Die Oppositionsparteien werfen der ÖVP zudem vor, dass die Aberkennung des Asylstatus schon jetzt möglich wäre. Wegen des Aufwands hat Deutschland im August die neuerlichen Prüfungen nach drei Jahren ausgesetzt. In Brüssel wird wieder über eine Flüchtlingsquote verhandelt – auch über Ersatzzahlungen für Staaten, die niemanden aufnehmen wollen. (red)
Wien – Unter den Oppositionsparteien herrscht ziemliche Einigkeit: Der von der SPÖ unterstütze ÖVP-Vorschlag für „Asyl auf Zeit“ist überflüssig. FPÖ, Team Stronach und die Neos betonen unisono, dass Asyl ohnehin befristet ist, bis der Asylgrund wegfällt. Selbst die Grünen weisen darauf hin, dass die Genfer Flüchtlingskonvention diese Regelung bereits seit Jahrzehnten vorsieht.
Der wahre Hintergrund seien die anstehenden Wahlen in Oberösterreich und Wien, lautet der oppositionelle Tenor. Herbert Kickl (FPÖ) sieht eine „Beruhigungspille“, Alev Korun (Grüne) eine „Placeboankündigung“, Robert Lugar (Team Stronach) hält es für eine „Augenauswischerei“ und für Niki Scherak (Neos) handelt es sich um „Ablenkung“.
Kritik kommt aber auch von außerhalb des Parlaments. Die roten Jugendorganisationen AKS, SJ und VSStÖ sind definitiv nicht auf der Linie ihrer Mutterpartei. Der Vorstoß sei „der Versuch, Flüchtlingen noch klarer zu sagen, dass sie nicht willkommen sind“.

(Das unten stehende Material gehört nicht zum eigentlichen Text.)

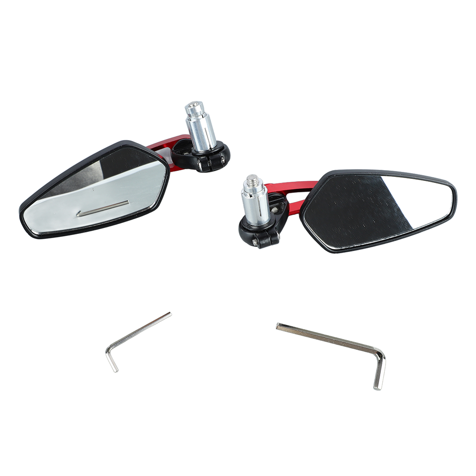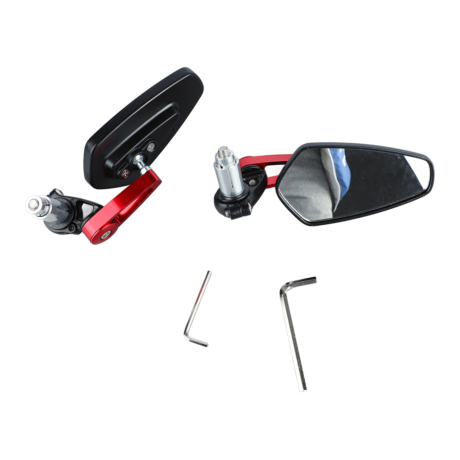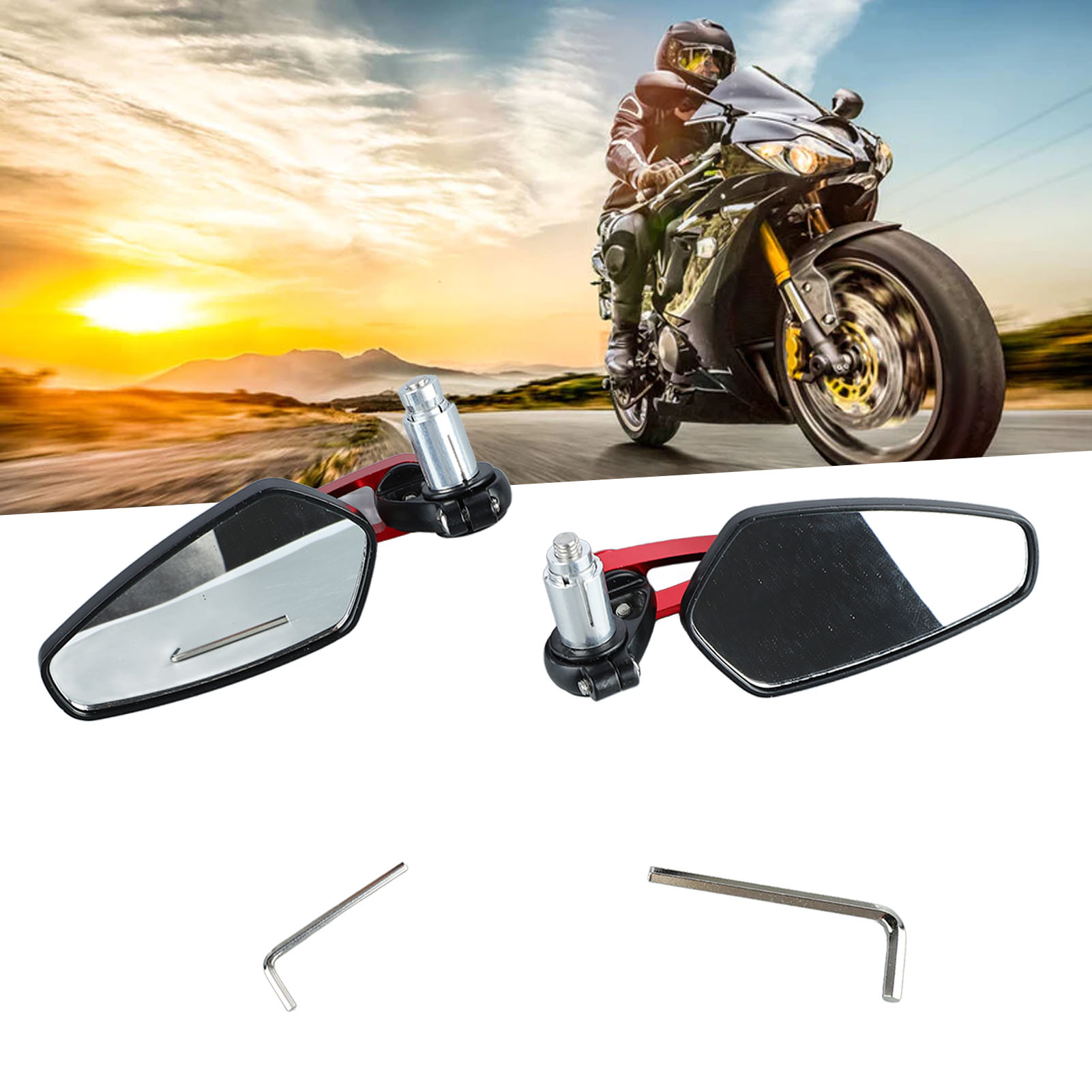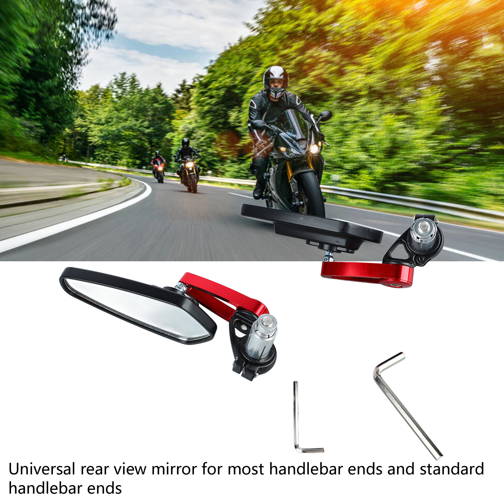 1、Universal Mirror: Universal rear view mirror for most handlebar ends and standard handlebar ends, giving you professional use results. 2、360° Rotatable: Rotatable design puts the mirror at the ideal angle for driving position and enhances driving safety. 3、Clear Vision: Premium and smooth glass provides a clear view both day and night, making you have a good visual experience. 4、Cool Style: Unique and personalized design is perfectly integrated with most motorcycles, effectively enhancing motorcycle style. 5、Shockproof: Upgraded motorcycle mirrors can adapt to the bumpy road, anti vibration, stable and not easy to fall off.

Michael Chalupka von der Diakonie Österreich wiederum sieht unter anderem einen bürokratischen Mehraufwand: Es bedeute, „dass jene Asylverfahren, die 2015 abgeschlossen werden, 2018 wieder aufgenommen werden müssen. Das verdoppelt für die Behörden den Arbeitsaufwand“.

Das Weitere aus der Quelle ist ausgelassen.